I dropped the empty in Sacramento and picked up the relay. It was 29,045 lbs. according to the truck computer. Anything under 30,000 lbs we were told it is not necessary to scale.

But after I coupled up and pulled away the load felt heavy.

There was a non-certified scale on site and I ran over it and wrote down the weights on each of the axles. I didn't trust the scale but the load scaled out legal. Still, something didn't feel right.

Sixty miles later I passed the first weigh station on I-5 and it was closed. I thought of the axle weight numbers I had written down. I realized they added up to over 76,000 lbs. I was pulling a lot more than 29,000 lbs. I pulled the paperwork out and saw there was a second page I hadn't looked at. An additional 11,000 lbs had been added to the trailer.

The load was over 42,000 lbs. I needed to scale this thing immediately before I hit another weigh station.
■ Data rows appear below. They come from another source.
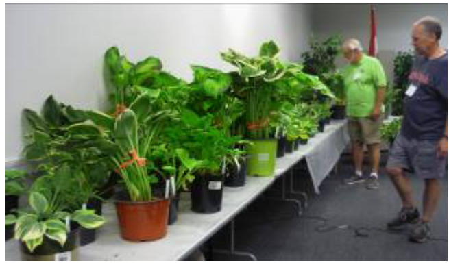
Members checking out the 2016 auction items.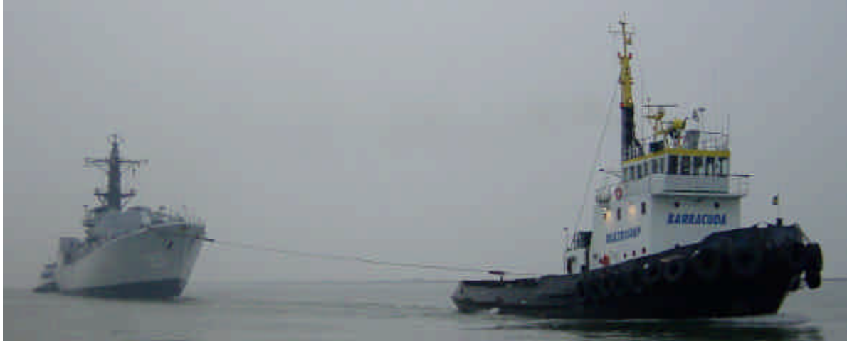
The MULTRASHIP tug BARRACUDA arrived with the former Dutch frigate DE RUYTER at the river bound for the breakers at 's Gravendeel.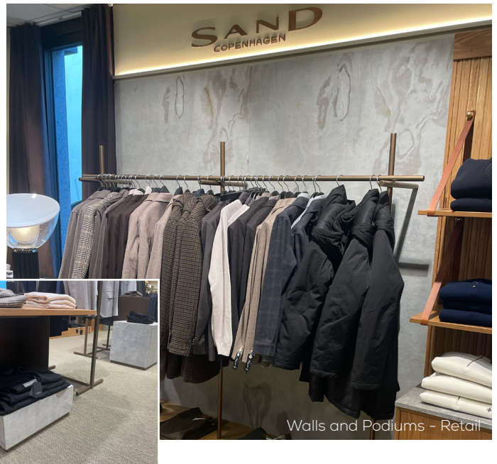
Walls and Podiums - Retail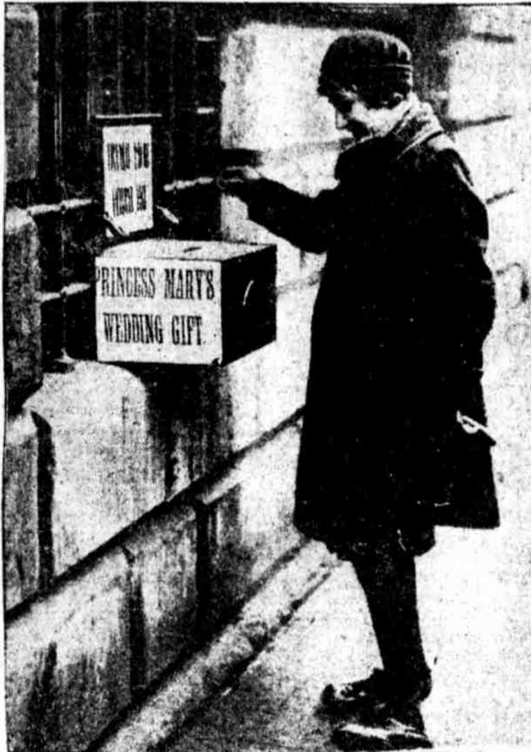
TAKING A PUBLIC SUBSCRIPTION. This is one of the many boxes seen throughout England, where contributions can be made to the public's wedding gift to Princess Mary

My navigation said the nearest Cat Scale was 40 miles away. Fortunately, the nearest weigh station was 20 miles after that. Still, if the load could not be made legal I was over 100 miles from where I picked it up. High command would not be pleased.

I scaled it at the truck stop and went in for the ticket.

There was 34,000 lbs exactly on the drive axles. I knew the law stated it had to be under 34,000 but I couldn't remember if it was legal at exactly that number. Nobody at the truck stop seemed to know either.

The tandems were already all the way forward so the only way to move weight off the drive axles was by pushing the fifth wheel the one remaining notch forward. But this would have the effect of moving 350 lbs off the drive axles and putting me about 50 lbs over the steer axle 12,000 lbs limit.

I would need to cut at least 50lbs of weight from the cab. The only thing to do would be to jettison the ketchup. That would bring my steer axle weight back below 12,000. The ketchup would have to go. The high command would have to understand. 

I lifted out each of the boxes and set them beside a dumpster.

I pulled back onto the scale for the re-weigh and went inside for the ticket. 

It was a success. By jettisoning the ketchup I was now legal by 40 lbs. on the steer axle.


Exploitation, Part II

Private equity has shifted much of the legal liability of truck operation onto the driver. Private equity has accomplished this through lobbying the CMSA for expanded safety protocols that put all blame upon the driver and relieve the private equity ownership of liability. Both the private equity ownership and government can claim the public is safer. Its devious and well played on both their parts, because the accident lawyers (who are powerful politically as well) are still in business but are only able to strip the assets off drivers, not the private equity owned trucking companies. The federal government has added paperwork and requirements of drivers, hours of service regulations that when broken can trigger fines of thousands of dollars. So the federal government has opened up a new cash stream off the truck driver. 

The DOT has set up a points system with an account on each individual driver. These points accumulate as a result of citations and accidents and upon reaching a certain level cause the driver to be stripped of his CDL. Insurance companies also check a driver's points and may choose not to insure him. Because of the severe government oversight in trucking and frequent inspections, it is inevitable that a driver will get stuck with a bad trailer (1 in 5 trailers I pick up have a citable problem) and begin to have points added to his record.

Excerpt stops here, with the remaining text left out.